Problems with the abetta endurance saddle
 
This is a spin off from the post on Trail riding Saddles.

I have extensive experience with the abetta endurance saddle. There weakness and their strengths.
A few years ago I bought 3 new abetta saddles. One for a working saddle, one for a backup if something happened to my working saddle and another for a spare, maybe even parts to keep the other 2 going.
I found the fenders wear out in about 1 1/2 years of about 3000 miles.
They wear holes right threw.
The riging is the problem. The knot is located right where the fender passes throught the tree limiting movement of the fenders.
There is also a little strap limiting the fender movement forward and backwards. Remove the 2 screws on each side holding the seat down , peel it back partly and cut this strap off. This allows more swing of the stirrups.
The western Knot is another problem. I lope alot and swing my legs forward. The fender and the knot interfer causing a binding that becomes extremely irritating. Fly changes, something I do every 1/2 mile or so becomes particularly probmatic because your forwards swing of the leg and then backward swing binds on the knot.
I fix this problem with a custom english riging which cost $57.
This solves the knot problem and I use a 24 inch dressage girth.
The worn fenders I replace with good quality leather ones at another $150.
The saddle comes with endurance stirrups but the through bolt, the one that connects the stirrups to the fenders is 1/4 inch with a plastic spacer. With hard use this spacer disintigrates causeing the bolt to bend. I replace this with a 5/16 bolt and an aluminum spacer.

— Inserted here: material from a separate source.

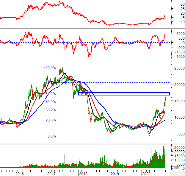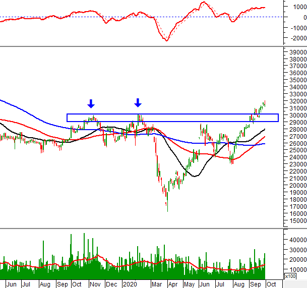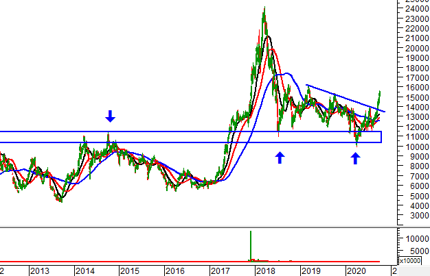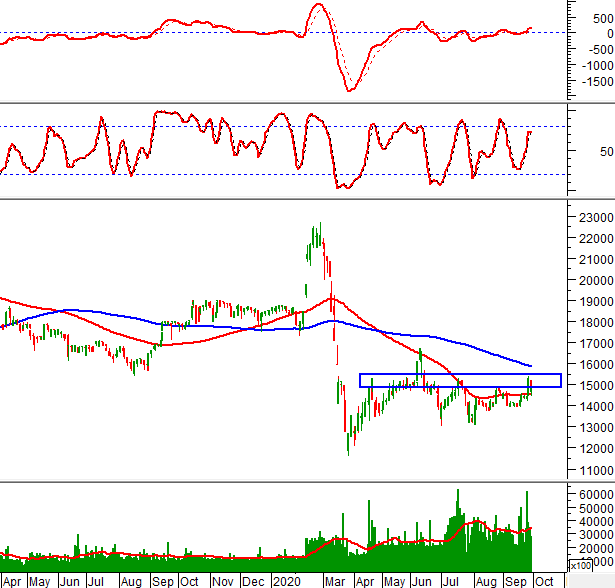 Giá hiện tại đang test lại vùng 14,900-15,300 (đỉnh cũ tháng 07/2020). Nếu giá cổ phiểu có thể phá vỡ hoàn toàn vùng này trong thời gian tới thì mục tiêu tiếp theo sẽ là đường SMA 200 ngày (quanh mức 16,000).
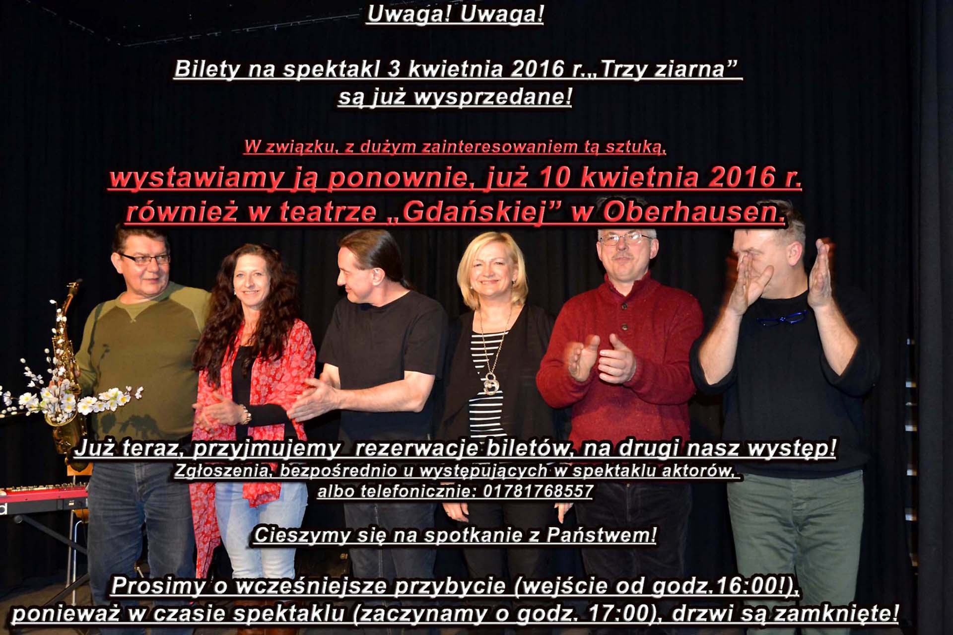 Aufgrund des großen Interesses unserer Theaterstück "Drei Körner" freuen wir uns es zu verkünden, dass obwohl Tickets für die Show am 3. April 2016. sind bereits ausverkauft, aber vor allem für diejenigen, die aus dem Urlaub in Polen oder von Frühlingsurlaub zurückkehren, wird Sonderausgabe "Drei Körner" im Theater "Danzig" - Altmarkt 3 46045 Oberhausen,

The tree??? It tends to bridge. This means it only contancts the horse in 4 places , like a chair sitting on the back. I strip all working saddles down to the bare tree and custom fit to the horse. This involves building up the center portion of the tree so the tree contacts all areas of the back. All western trees leave a section under the tree missing to pass the stirrup leather through reducing the effective areas of contact.
A normal wester tree has 60 square inches of contact IF every part of the tree contacted the horse, every inch??? This is not the case so you build with fiberglass cloth and resin, grind some spots, build others until you get optimum contact and then reassemble the saddle. I have pictures and do this for every saddle that goes on my guys.
The strong points for the saddle is it's light weight. While the seat is comfortable enough, good enough to ride a buck it becomes hard over long slow rides.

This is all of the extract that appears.